• **Problem description**
Leaving out each picture, transcribe the lines of the listing below exactly from the first through the line that contains "一つの花に120ピース以上のダイヤを使用し、サイズは0.05mm単位で調整。".

------------------------------------------------

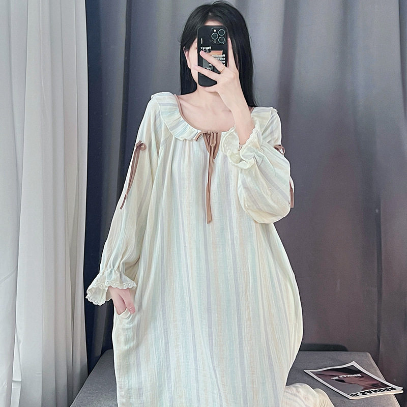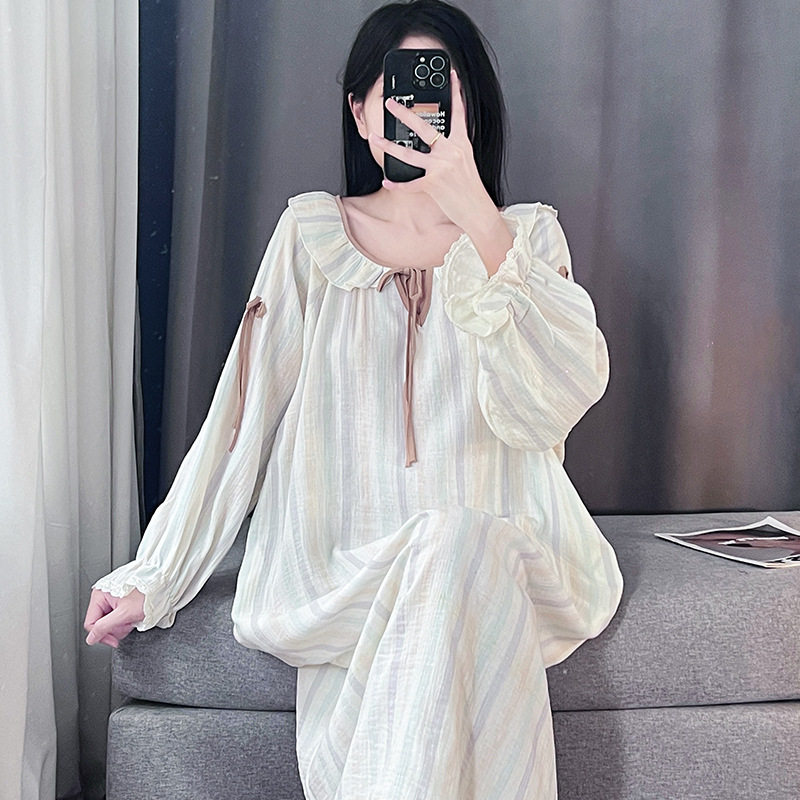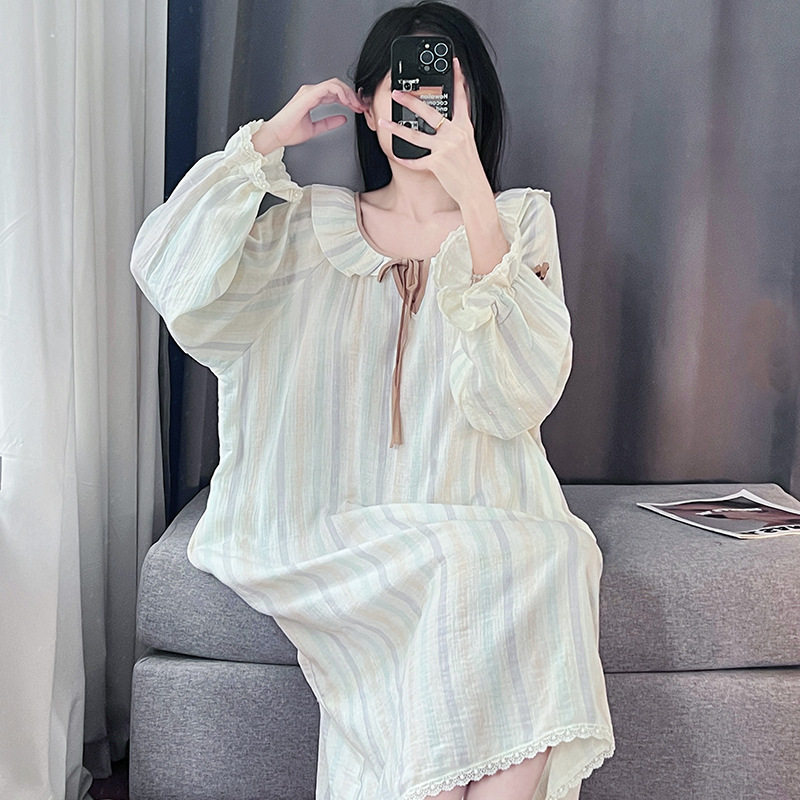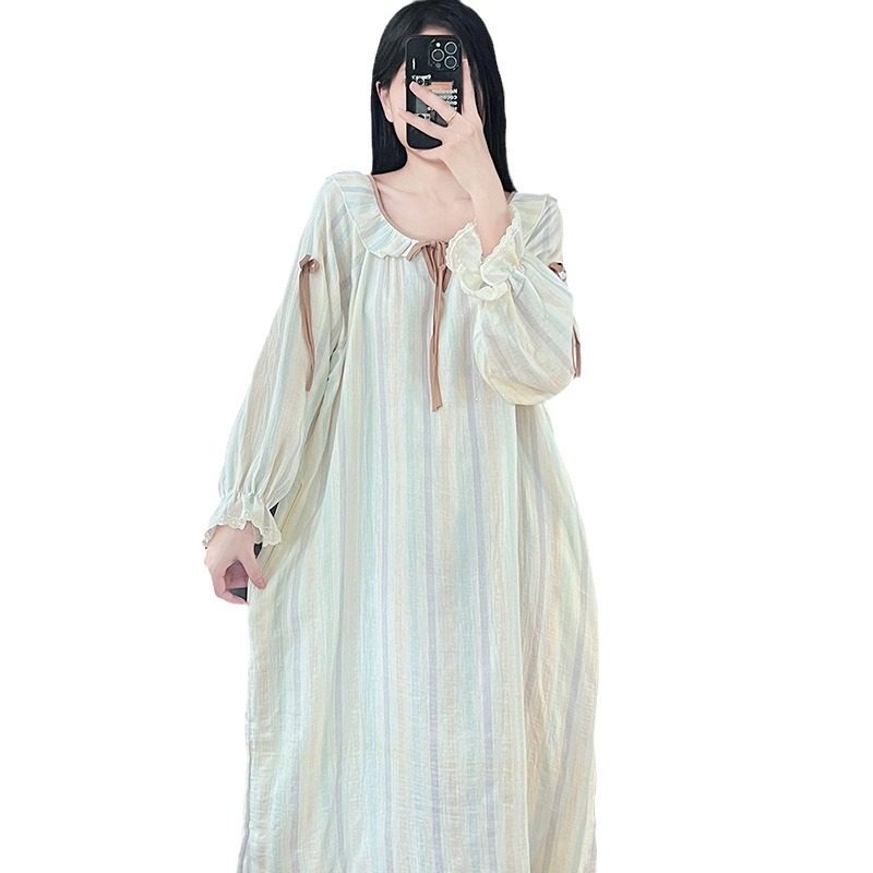 📚 长袖孕妇待产裙春秋季薄款医院进产房睡衣女纯棉纱布月子服哺乳睡
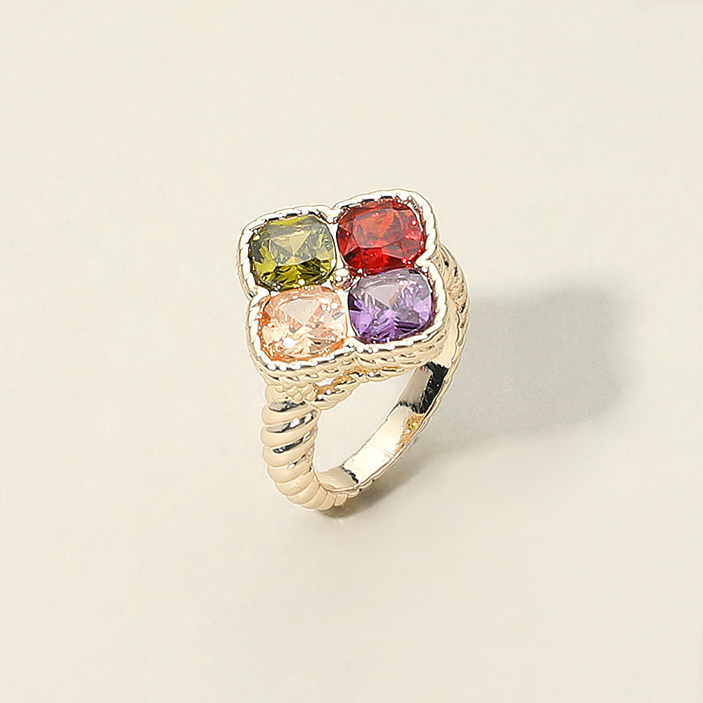• Elegant ring showcasing a square cluster design with four faceted cz gemstones set in a raised border. The textured band adds a refined touch, making this geometric ring a standout accessory that balances color, form, and sophistication for any outfit or occasion.
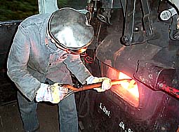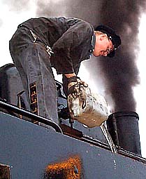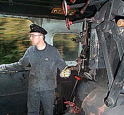 Dem Heizer fällt die verantwortungsvolle Aufgabe zu, das Feuer in Gang und stets den Anforderungen der Strecke entsprechend groß zu halten. Dabei kommt man schon beim Zuschauen ins Schwitzen ... . |
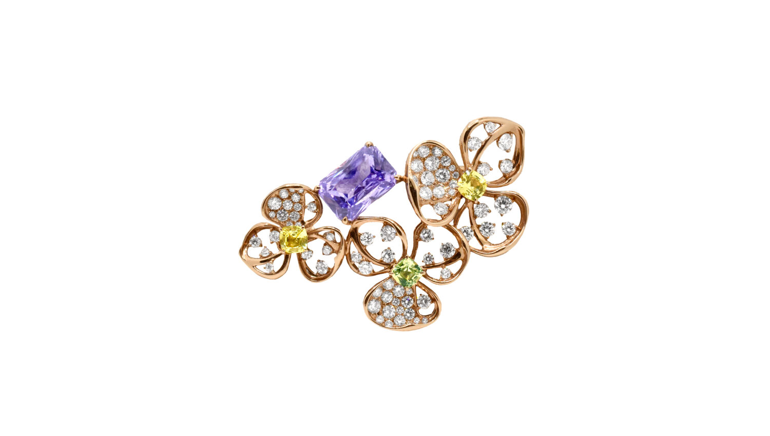 一つの花に120ピース以上のダイヤを使用し、サイズは0.05mm単位で調整。
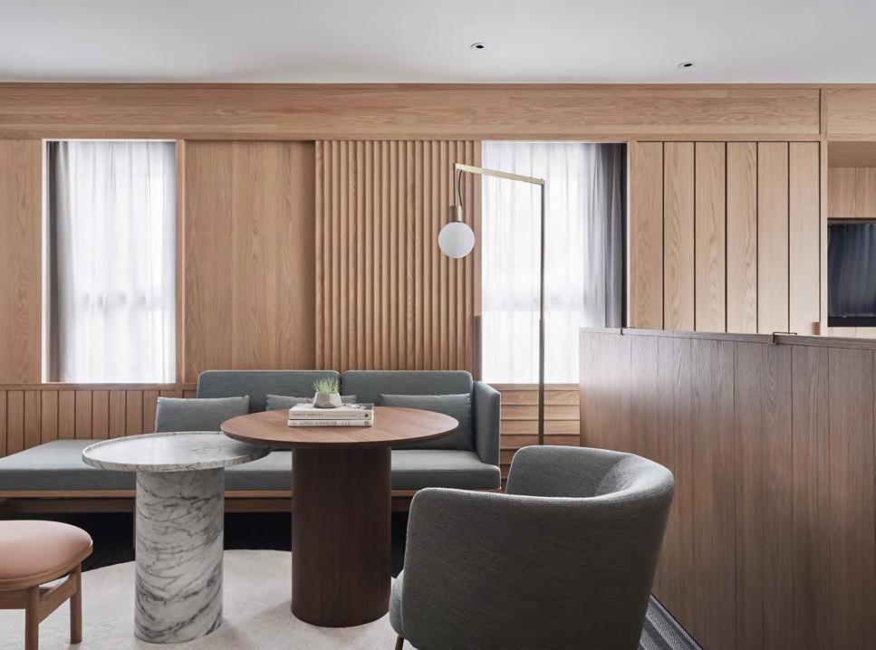 The latest venture from Harry Handelsman of Manhattan Loft Corporation, The Stratford is located in east London’s Queen Elizabeth Olympic Park, inside a SOM-designed, 42-storey double-cantilevered building. Space Copenhagen has devised a muted interior palette of rich, tactile materials and clean-lined, softly-curved upholstered shapes that are revealed through a mix of bespoke pieces and furniture by brands like Gubi, Stellar Works and Benchmark. On the ground floor, the triple-height triangular lobby is anchored by a 10m-tall fireplace and a standout installation by designer Paul Cocksedge. The Stratford Brasserie hums from morning to night, and there is also Allegra, headed up by Patrick Powell, formerly of Chiltern Firehouse.
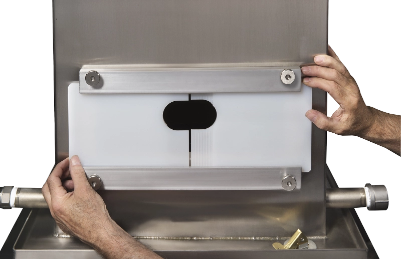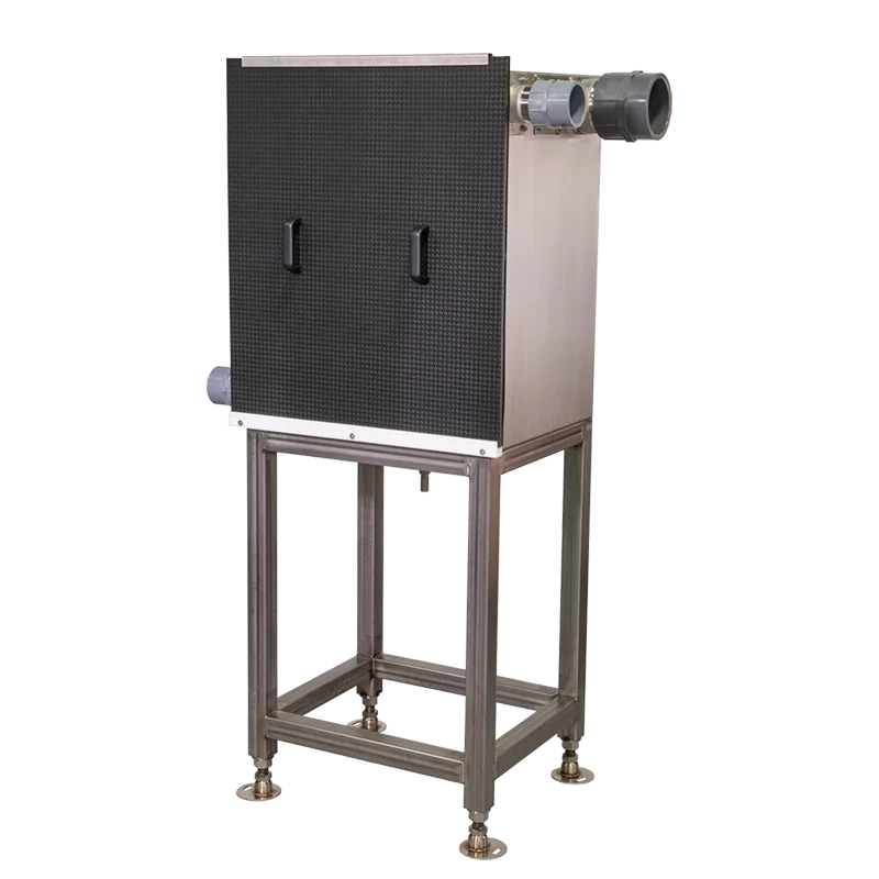 El sistema consta de una torre de separación, un productor de vacío, un panel de control y una cámara de aplicación única. Esta cámara de aplicación, que incorpora nuestra «Tecnología de flujo libre», mejora la consistencia del recubrimiento a presiones de vacío más bajas. Esto disminuye el consumo de energía, al tiempo que permite velocidades de alimentación más altas. La cámara también está diseñada para un cambio rápido y sin herramientas, lo que maximiza el tiempo de actividad de la producción. El sistema accionado por un controlador lógico programable (PLC) se interconecta con las máquinas en línea, permitiendo la integración del proceso.
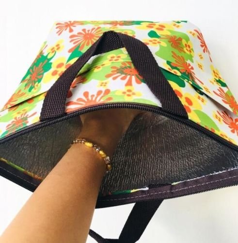 EatingBiting(R)Waterproof Insulation Warmer Cooler Green Flower Leaf Pattern Lunch Bag Tote Insulated Cooler Carry Bag , For Travel and Picnic, Colorful Flower Pattern,Very Nice Bag
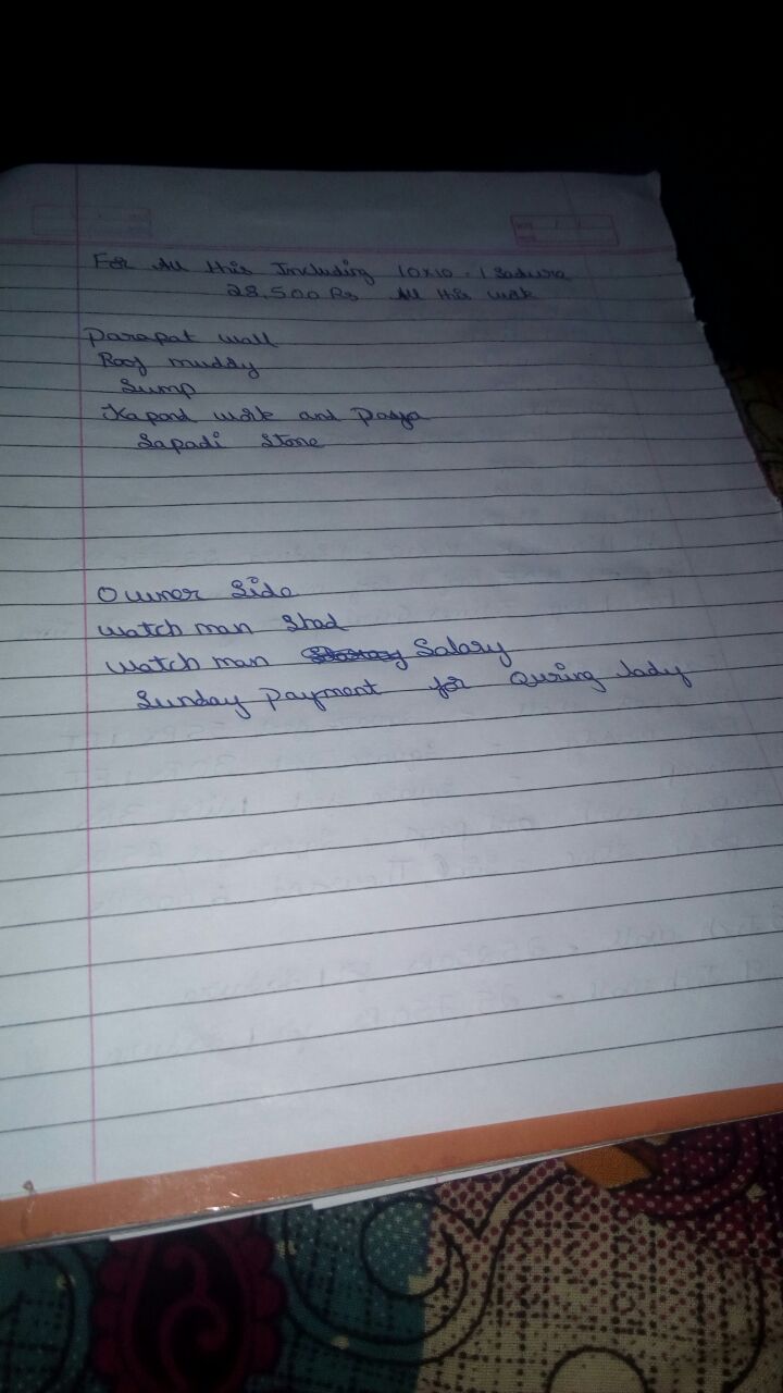 Everyone in the forum are talking about per sft labor cost and negotiations . The most importing things to include in any agreement ( there is no formal agreement in labor contract ) is the items included and more importantly excluded items. Excluded items are never given by any mason since they are the grey areas and they don't wont to loose on those small money ( example plumbing chambers, bund walls, external ramp, water proofing and many more ).

------------------------------------------------

• **Response to this task**
 📚 长袖孕妇待产裙春秋季薄款医院进产房睡衣女纯棉纱布月子服哺乳睡
• Elegant ring showcasing a square cluster design with four faceted cz gemstones set in a raised border. The textured band adds a refined touch, making this geometric ring a standout accessory that balances color, form, and sophistication for any outfit or occasion.
 Dem Heizer fällt die verantwortungsvolle Aufgabe zu, das Feuer in Gang und stets den Anforderungen der Strecke entsprechend groß zu halten. Dabei kommt man schon beim Zuschauen ins Schwitzen ... . |
 一つの花に120ピース以上のダイヤを使用し、サイズは0.05mm単位で調整。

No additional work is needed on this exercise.